Deje de esperar a que su horno funcione: una forma mejor de calentar las obleas
Seamos honestos: la convección por aire forzado es un método anticuado. Básicamente, se trata de calentar todo el aire en un espacio determinado, con la esperanza de que el calor llegue eventualmente hasta las obleas.
El problema es que esto lleva mucho tiempo. Pasas más tiempo esperando a que el aire alcance la temperatura adecuada que procesando realmente las obleas. Es un verdadero cuello de botella.

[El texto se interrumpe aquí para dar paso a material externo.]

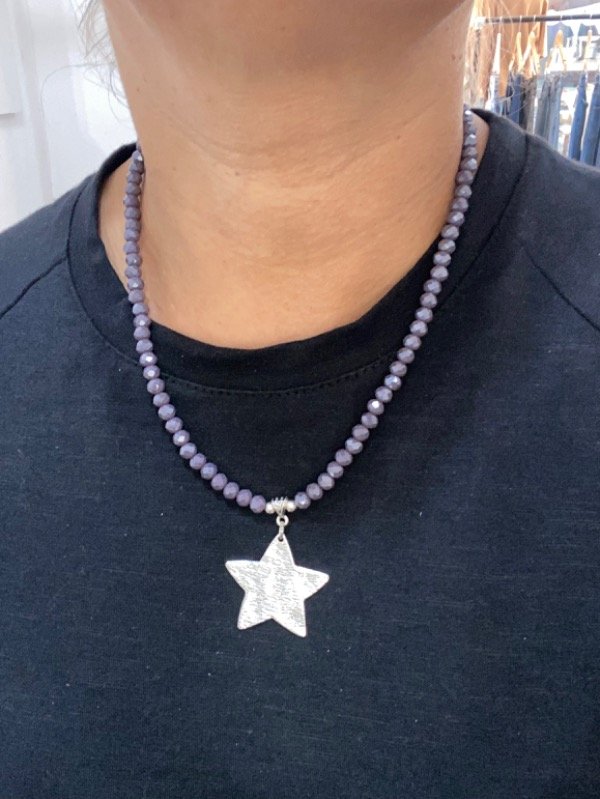 Collar realizado en cristal de roca de 6mm, 45cm de largo, más cadena alargadora de 5cm de acero quirúrgico . Dije de fundición.
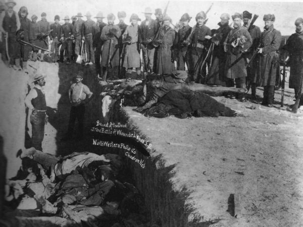 Mehr als 300 Minneconju-Lakota wurden am 29. Dezember 1890 vom US-Militär im Pine Ridge-Reservat am Wounded Knee massakriert. Bezeichnenderweise beschreibt Hegseth dieses Massaker als Schlacht von Wounded Knee. Zu den Abgeschlachteten zählten Frauen, Kinder und ältere Menschen.
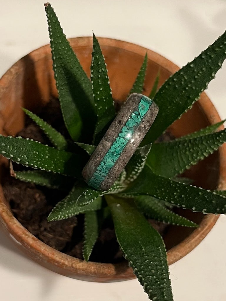 The Sentinel is a stainless steel ring built to endure, with a hidden chamber that holds cherished ash. At its center, crushed malachite shines — a vivid green stone symbolizing transformation, healing, and connection. Each malachite fragment is unique, just like the memory it honors. This ring is a bold, timeless tribute to a bond that lives on beyond this life.
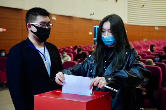 接下来,王海涛老师宣读本次大会《选举办法》,在主持人介绍2018届主席团候选人后,全体学生代表进行投票选举。最终,第十二次学生代表大会选举产生了刘彧怡、王一童、高敏3位同学为美术学院2018届主席团成员。
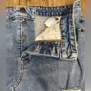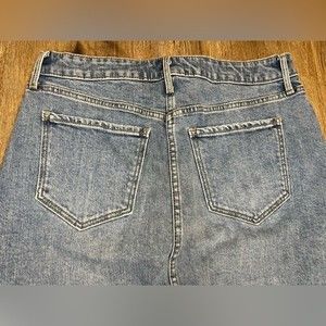 Good condition Old Navy denim skirt. Light blue wash with (intended) rips and a fringed bottom. Women’s size 10.
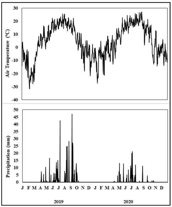 Daily air temperature and precipitation from January 2019 to December 2020 at the study site. The upper-case letter in the x-axis denotes months.
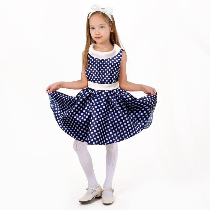 Карнавальный костюм «Стиляги 5», платье синее в белый горох, повязка, р. 30, рост 110-116 см
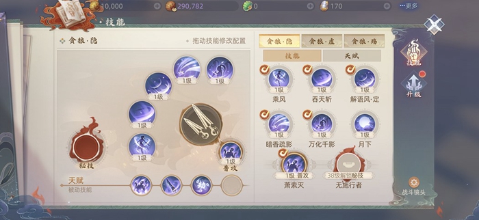 贪狼这个角色拥有游戏中最高的输出能力,其技能多都是带有强大的爆发输出,并且在普攻以及大部分的技能释放阶段都是能够进行位移的,配合上一些带有位移以及多段释放效果的技能,贪狼的机动性也是游戏中最强的。不管是前期的主线流程还是后期在多人副本中刷素材,贪狼都能够轻松胜任。
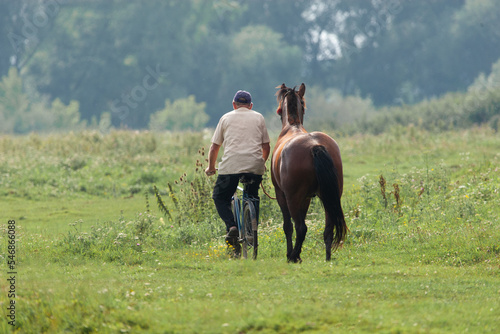 a man rides a bicycle and walks nearby a horse from the pasture.
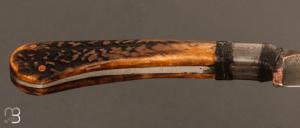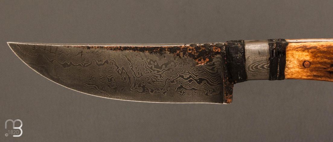 Couteau " Primitif " droit forgé par Pierre Henri Monnet - Bois de cerf et damas carbone
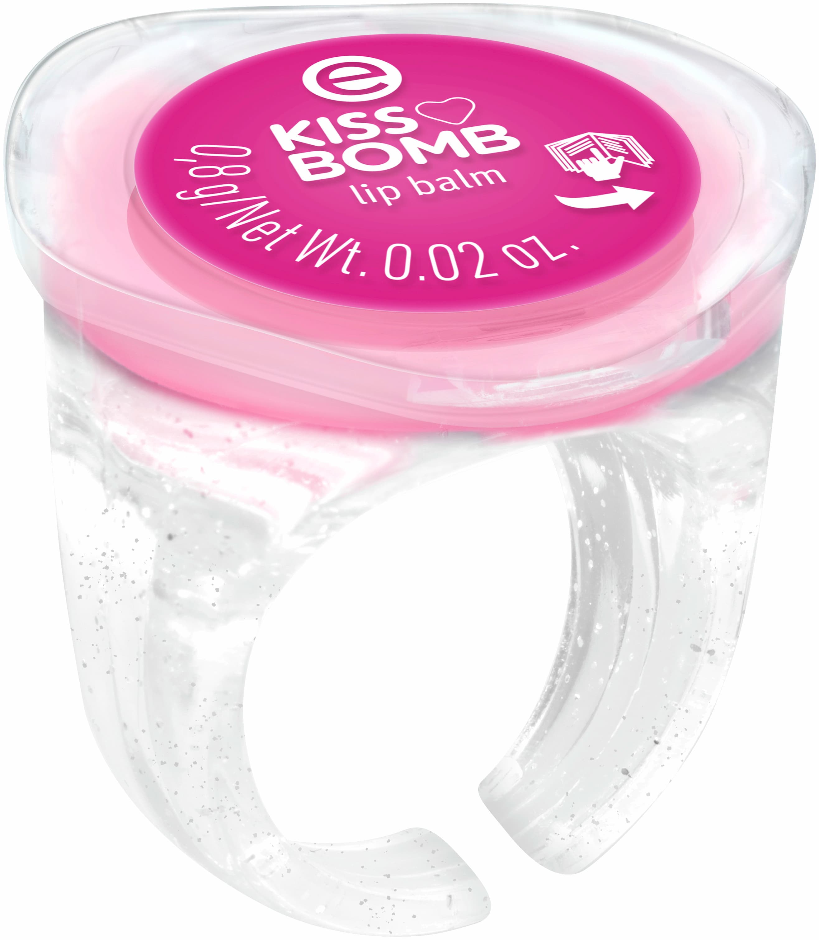 Mach dich bereit zu strahlen und die süßesten Küsse zu verteilen mit dem essence KISS BOMB! Dieses niedliche Duo vereint einen Lipgloss in zartem Rosé mit glänzendem Finish und süßem Erdbeerduft – eine limitierte Edition der beliebten JUICY BOMB-Textur – und einen passenden Lippenbalsam, der in einem organisch geformten Ring versteckt ist. Der Lippenbalsam pflegt die Lippen mit einem zarten Hauch Farbe und demselben köstlichen Erdbeerduft. Das macht ihn zum perfekten Sidekick für glänzende, candy-inspirierte Looks. Ein Beauty-Highlight, das genauso viel Spaß macht, es zu tragen wie zu zeigen!

Solución: dejar de usar el aire como medio de calentamiento
Decidimos dejar de usar el aire como medio de calentamiento y dirigirnos directamente a la fuente de calor. Aquí es donde entran en juego las lámparas infrarrojas sin ozono.
En lugar de calentar todo el aire, las lámparas infrarrojas utilizan radiación electromagnética para calentar directamente la superficie de las obleas. No hay fase de calentamiento previo, ni tiempo de espera. Simplemente las enciendes y ya está listo. Inmediatamente.

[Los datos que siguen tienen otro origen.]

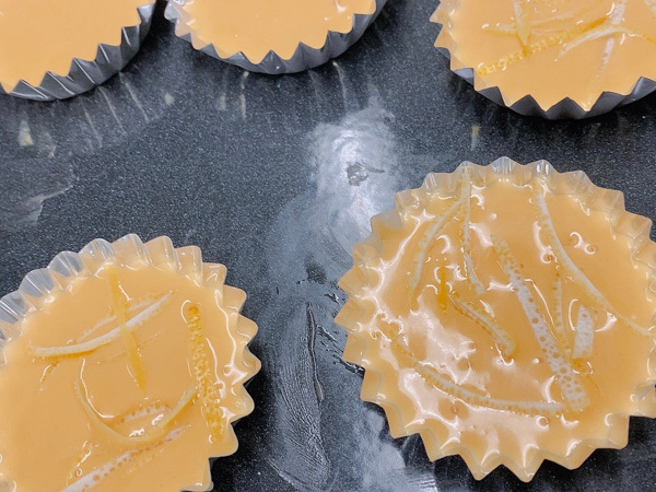 フィナンシェには香ばしい焦がしバターを作り、生地に加えました。マドレーヌにはレモンの皮をアレンジとして加え、
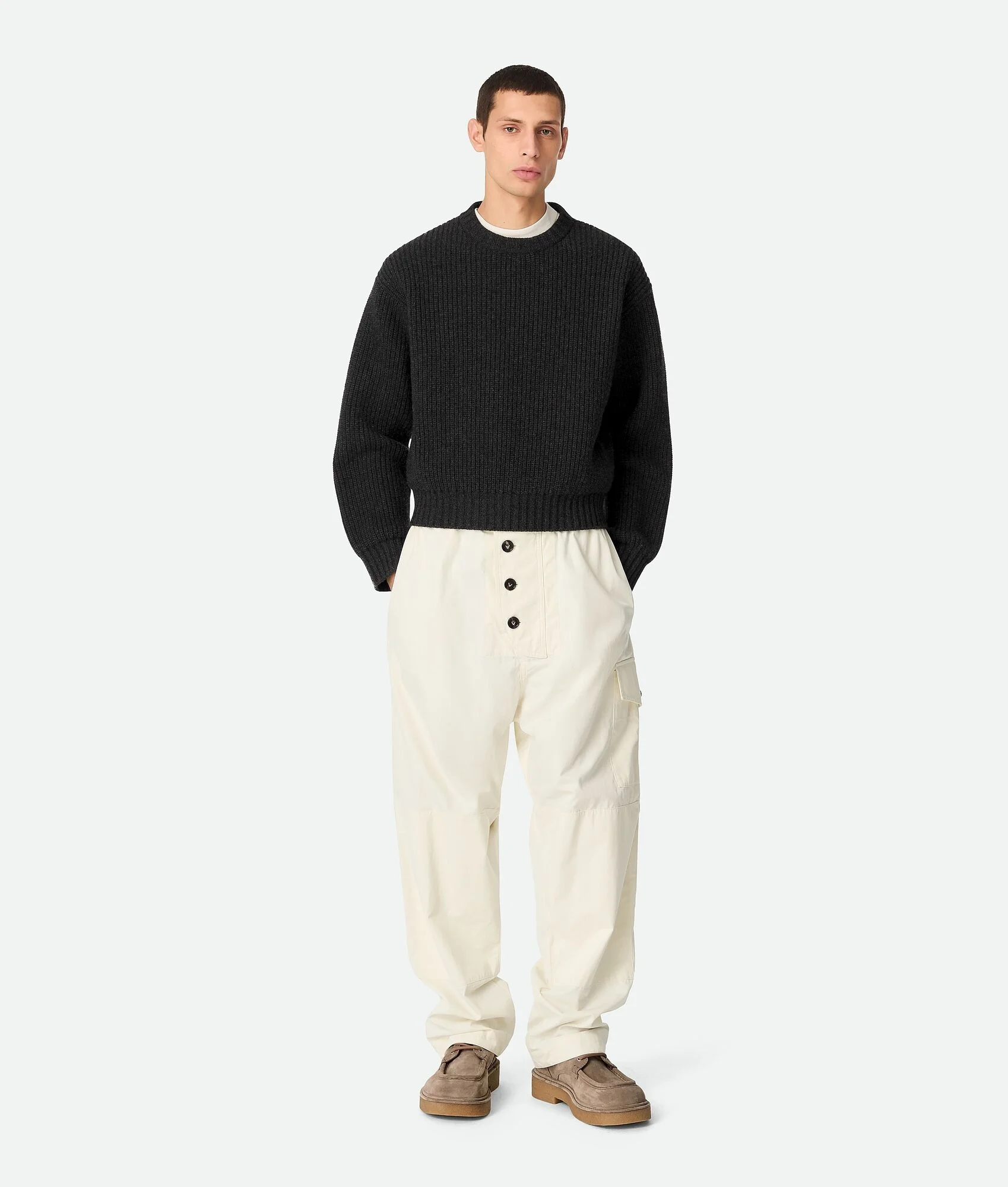 Trousers in light cotton twill. Product Details - Light cotton twill trousers - Straight leg - Elasticated waistband and button closure - Material: 100% cotton - Color: Frosting - Made in: Italy - Product code: 807487V4CS03043 Size & Fit - Model is 188 cm | 6'2" and is wearing a Bottega Veneta size S

Al dejar de intentar calentar todo el aire y centrarnos únicamente en la superficie de las obleas, los tiempos de procesamiento disminuyen drásticamente. Además, se libera espacio en el suelo. Ya no necesitas esas cámaras aislantes enormes, ya que no hay necesidad de retener el aire caliente.
El problema del ozono (y cómo solucionarlo)

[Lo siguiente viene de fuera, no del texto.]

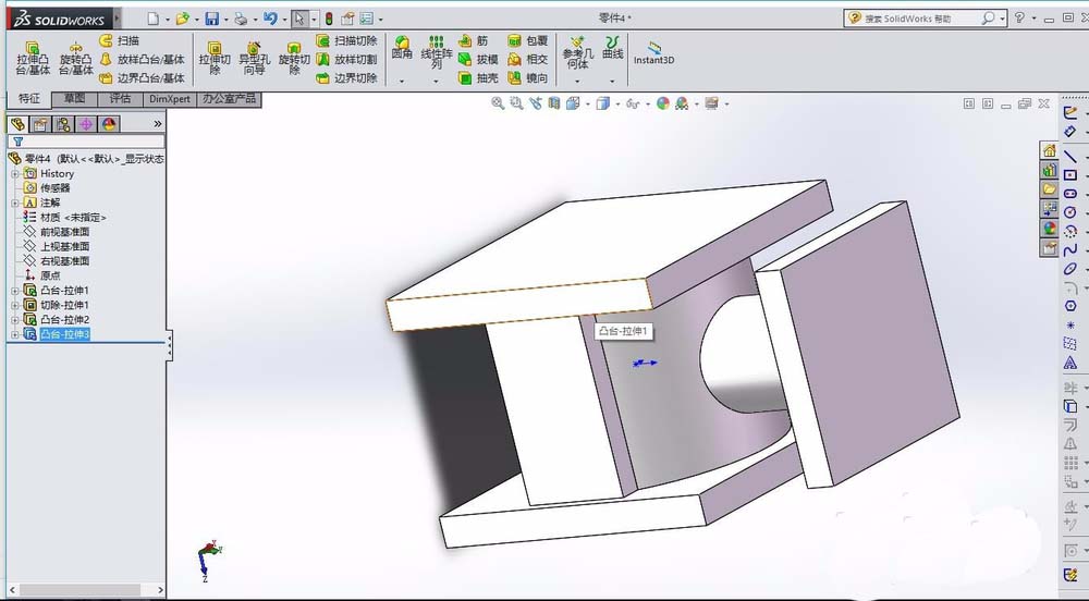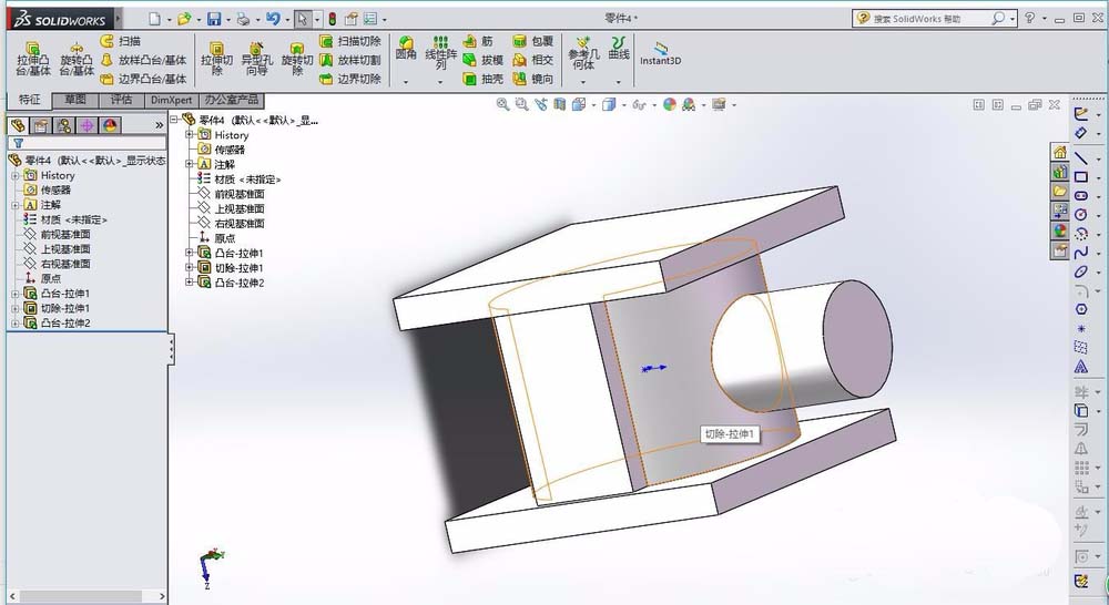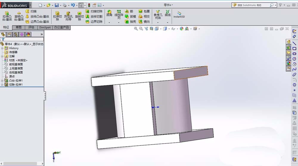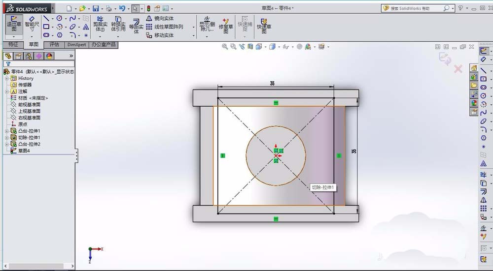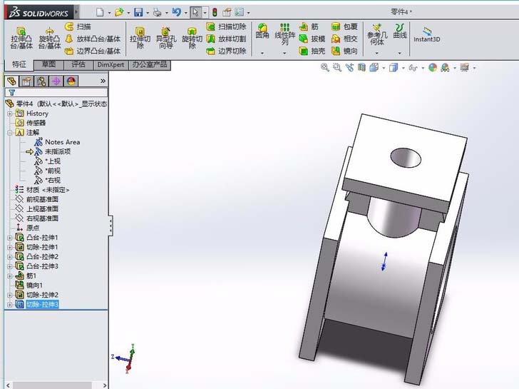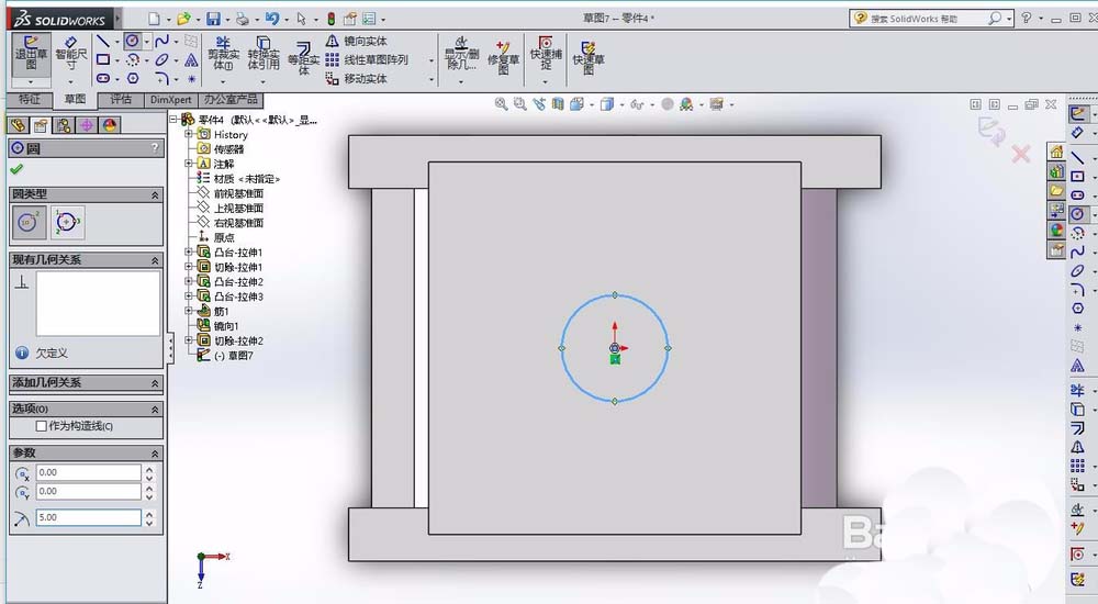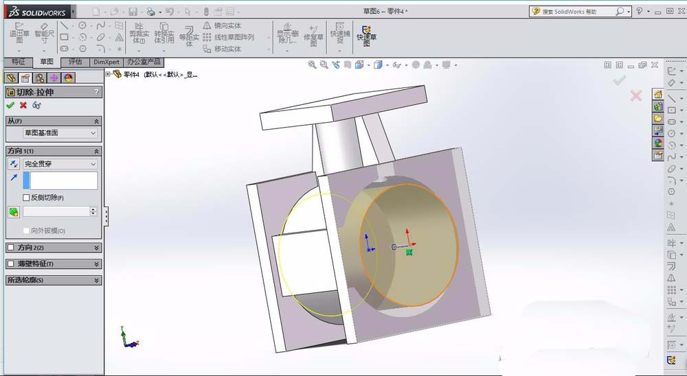 5、在特征拉伸1的上表面,绘制圆形,拉伸类型为切除,选择完全贯穿。在特征拉伸3的上表面,绘制圆形,同样为拉伸切除。

Aquí está el problema: las lámparas infrarrojas convencionales suelen emitir ozono debido a las emisiones UV. Si trabajas en una sala limpia, el ozono es un verdadero problema. Daña los componentes delicados y arruina el fotoreactivado utilizado en el proceso de fabricación.
Lo hemos resuelto utilizando composiciones especiales de cuarzo y filtros internos que bloquean el espectro UV por debajo de 200nm. De esta manera, mantienes esa intensa densidad de calor, pero sin los efectos secundarios químicos negativos. También hemos ajustado estas lámparas para que el calor se distribuya uniformemente sobre las obleas, evitando así que las bordes se deformen.
La realidad
Las lámparas infrarrojas no son mágicas. Tienen sus limitaciones. Lo más importante es recordar que el calor infrarrojo es direccional. El aire caliente rodea la pieza, pero el calor infrarrojo solo calienta lo que puede “ver”. Si tu pieza tiene huecos profundos o una forma 3D compleja, habrá zonas frías.
Para solucionar esto, probablemente necesites utilizar varias lámparas o reflectores para dirigir el calor hacia esos espacios difíciles de alcanzar.
Y una advertencia: como la energía se genera de forma muy intensa y rápida, debes tener cuidado con los controladores PID. Si no calibras bien los valores, podrías superar la temperatura deseada y dañar la pieza antes de darte cuenta de lo que ha pasado.